+++ Data section
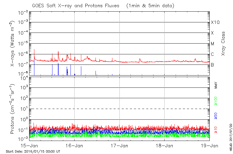 This page provides light-curves generated from GOES soft X-ray and Particle data for the date indicated at the top and the preceding three days.
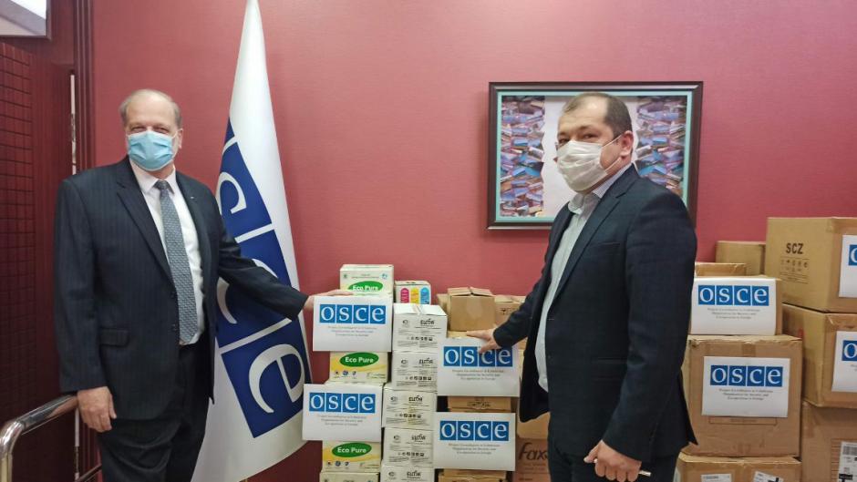 John MacGregor, Project Co-ordinator in Uzbekistan handing over humanitarian aid to the Deputy Director of the Agency for External Labour Migration under the Ministry of Employment and Labour Relations of the Republic of Uzbekistan, Hojiakbar Fayzullahodjayev, Tashkent, 5 February 2021.
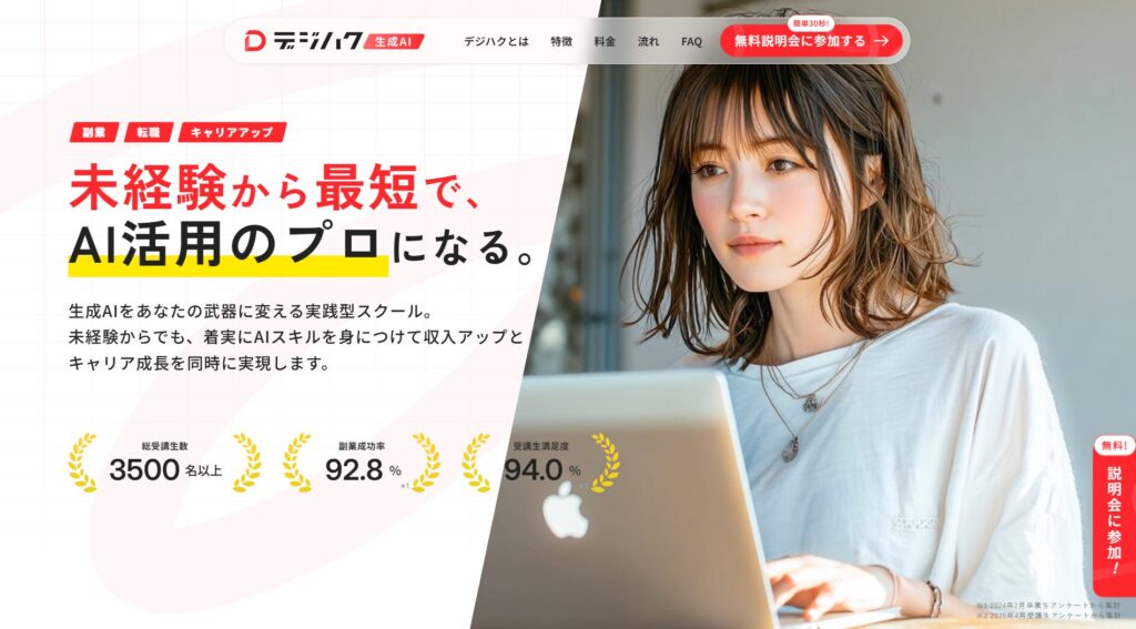デジハクは「AIを使って成果を出す」ことに特化したスクールです。
++++++
▶ _What to do_
Restate the material above word for word; pictures do not belong in the copy.

▶ _Answer_
 This page provides light-curves generated from GOES soft X-ray and Particle data for the date indicated at the top and the preceding three days.
 John MacGregor, Project Co-ordinator in Uzbekistan handing over humanitarian aid to the Deputy Director of the Agency for External Labour Migration under the Ministry of Employment and Labour Relations of the Republic of Uzbekistan, Hojiakbar Fayzullahodjayev, Tashkent, 5 February 2021.
デジハクは「AIを使って成果を出す」ことに特化したスクールです。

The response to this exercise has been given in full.